In this paper, a system that classifies touch gesture in nearly real time using a deep neural network is proposed. The CNN is presented, which is considered a good feature extractor algorithm. The CoST dataset was used to train our CNN for various classes. Results showed that our method performed better compared with the previous work based on leave-one-subject-out cross validation for the CoST dataset.

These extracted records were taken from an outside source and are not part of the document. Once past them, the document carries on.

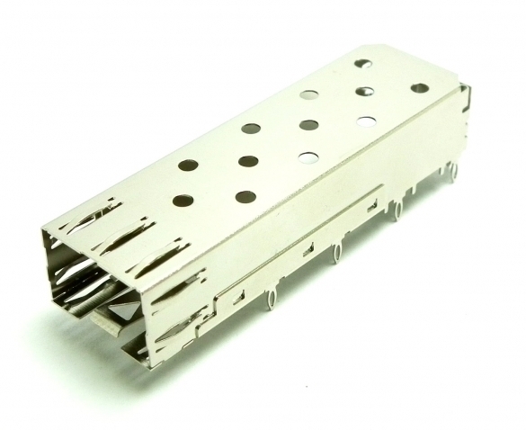 SFP 1x1 cage, Press-fit, Copper Alloy, Ni Plating, Light Pipe, Spring Tabs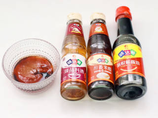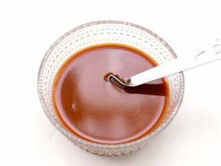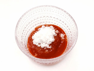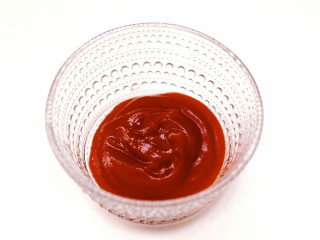 现在先来调制糖醋酱汁,碗里倒入番茄酱。
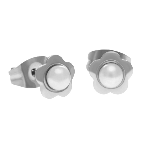 STAINLESS STEEL EARRING IN FLOWER SHAPE WITH ONE SYNTATIC PEARL INTHE CENTER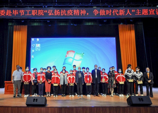 6月20日下午,在充分做好疫情防控工作的前提下,市關(guān)工委主任周長(zhǎng)琦,副主任吳學(xué)香、杜娟、唐華清、曾玉琴、鐘華等一行到我院進(jìn)行“弘揚(yáng)抗疫精神,爭(zhēng)做時(shí)代新人”宣講。我院黨委副書記付善華、副院長(zhǎng)黃文碧,學(xué)生代表430人參加了此次宣講活動(dòng)。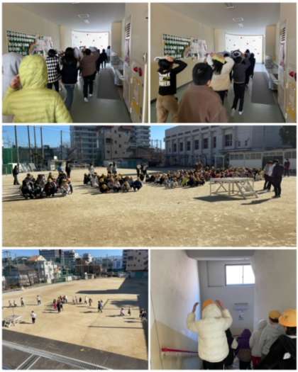 地震発生後に大津波警報が発令された想定で、運動場に避難後に4階に上がります。防災訓練は、いざという時に子どもが身を守る行動を取ることができるようにしておくことが大切です。ご家庭でも、地震が突然やってきた時に、どのように行動すれば良いかをお子さんと話し合っていただければと思います。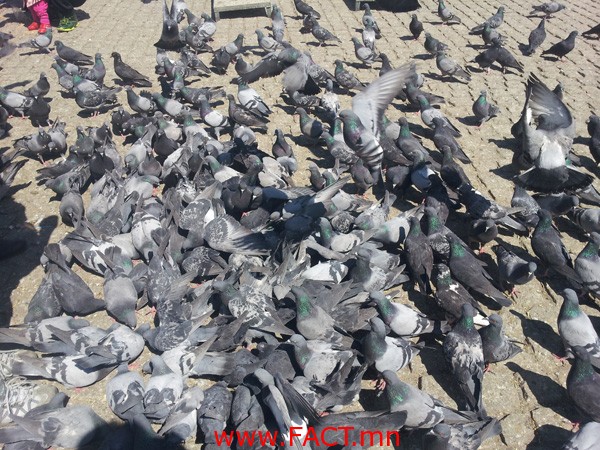 Гандангийн төв талбайд очлоо. Гялгар торонд дүүрэн будаа хийсэн настай хүн, цэцэрлэгийн насны хүүхэд хөтөлсөн залуус, оюутан бололтой тагтаа хооллож зураг авахуулсан хэдэн охин, дээлтэй эрэгтэйгээс өөр хүн бараг л алга. Дээлтэй хүнтэй ойр зуур ярилцвал ”Хөдөөнөөс ирсэн болохоор Гандан орж ном уншуулаад тагтаа хооллоод явж байна. Манай хамаатнууд тагтаанаас шувууны ханиад тусна гэж яриад байсан. Тагтаануудыг жинхэнэ цэвэр тариагаар хоолловол янз бүрийн өвчин тусахгүй байх” гэсэн юм. Шатан дээр 500 төгрөгөнд хоёр уут тариа өгч байгаа эмэгтэйтэй ярилцангаа тагтаанд тариагаа цацаж өгвөл бөөнөөрөө ирж бие биенээсээ өрсөн булаалдаж байлаа. Эгээтэй л бие биенээ хэмлэх шахав. Тариа зарж байсан бүсгүй “Өглөө 7:00 цагийн үед намайг ирэхэд энэ хайрцагтай тариаг гаднаас нь тоншоод байлгахгүй.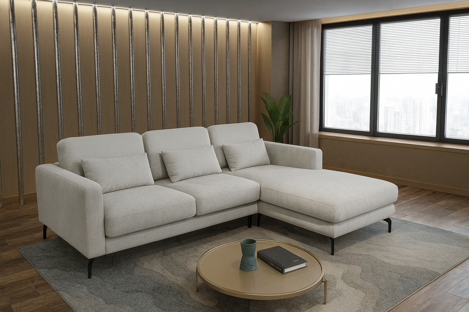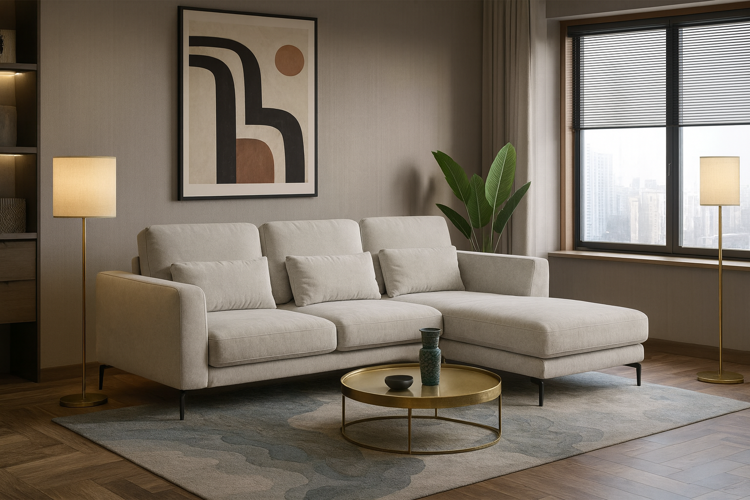 Разместите «К21» как центр зоны отдыха. Добавьте контрастные подушки, мягкий плед и журнальный столик из массива — и ваша гостиная наполнится светом и уютом. Светлые тона дивана идеально сочетаются с деревом, металлом и нейтральными стенами.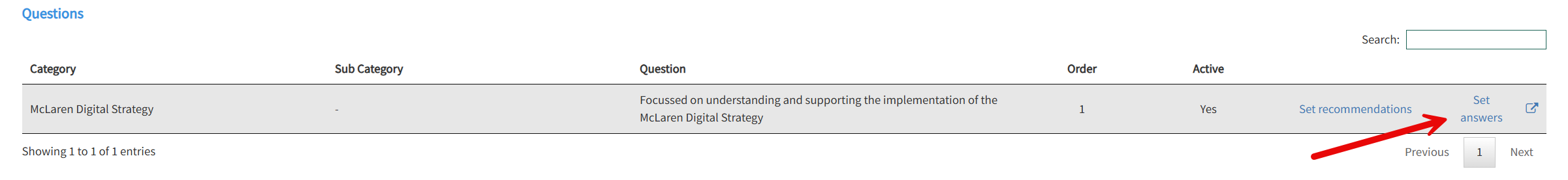 Select the question you wish to add LPs and ACM to and select Set answers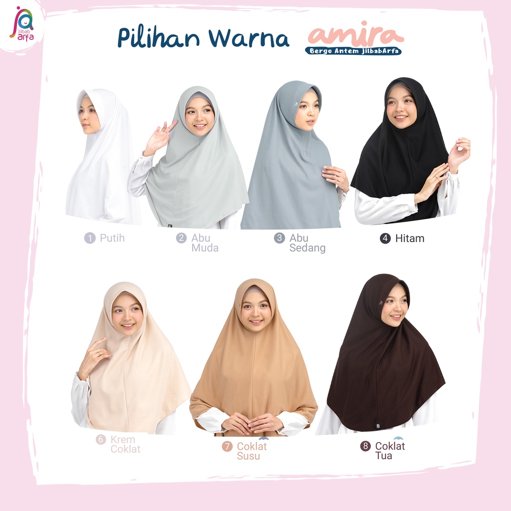 Jilbab AMIRA (Bergo Antem Jilbab Afra) Jilbab instan dengan pet / topi anti tembem berbahan kaos adeem, lembut, nyaman, tidak mudah berudul.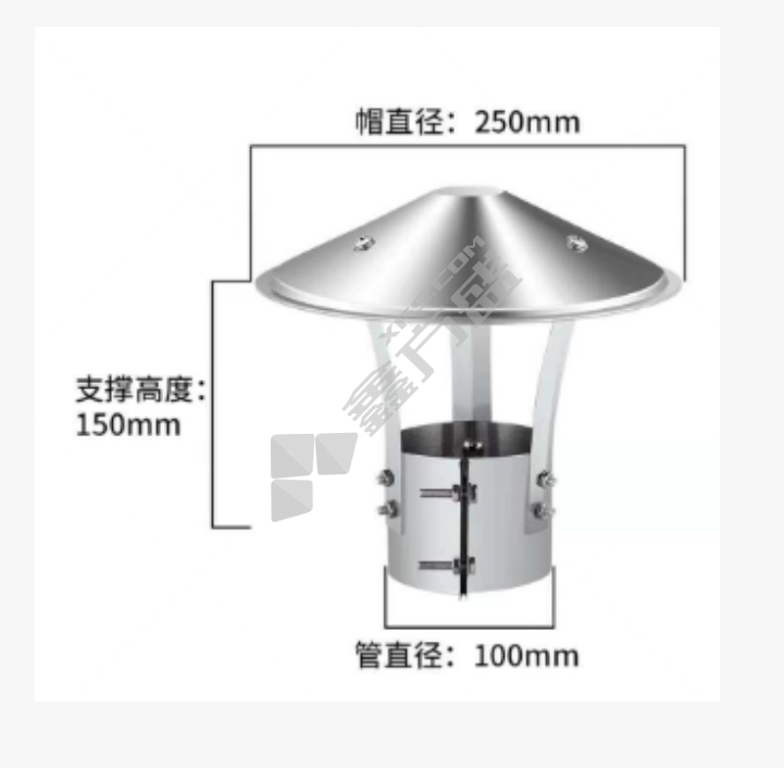 国产优品 304不锈钢防雨帽 帽250mm*支撑150mm*管100mm

The proposed approach poses two benefits compared with those in the existing literature. First, the proposed method does not need data preprocessing or manual feature extraction and can be applied end-to-end. Second, this method can recognize a class after receiving a minimum number of frames. This minimum number of frames can be provided by the CoST dataset using grid search. Meanwhile, the proposed approach also has certain limitations. First, CNN performance is affected by the size of the input frame. The smaller the size of the frame (8 × 8 pixels), the more negative the effect on CNN performance because CNN behavior reduces the size of input data in the subsequent layers. Thus, zero padding for rows and columns of a frame is utilized after convolutional operation to repair the lost frame size before pooling operation. Second, increasing the number of filters used in convolutional operation improves CNN performance. However, the time consumed to train the network will be increased.

Data Availability

The data used to support the findings of this study are available from the corresponding author upon request.

Conflicts of Interest

The authors declare that they have no conflicts of interest.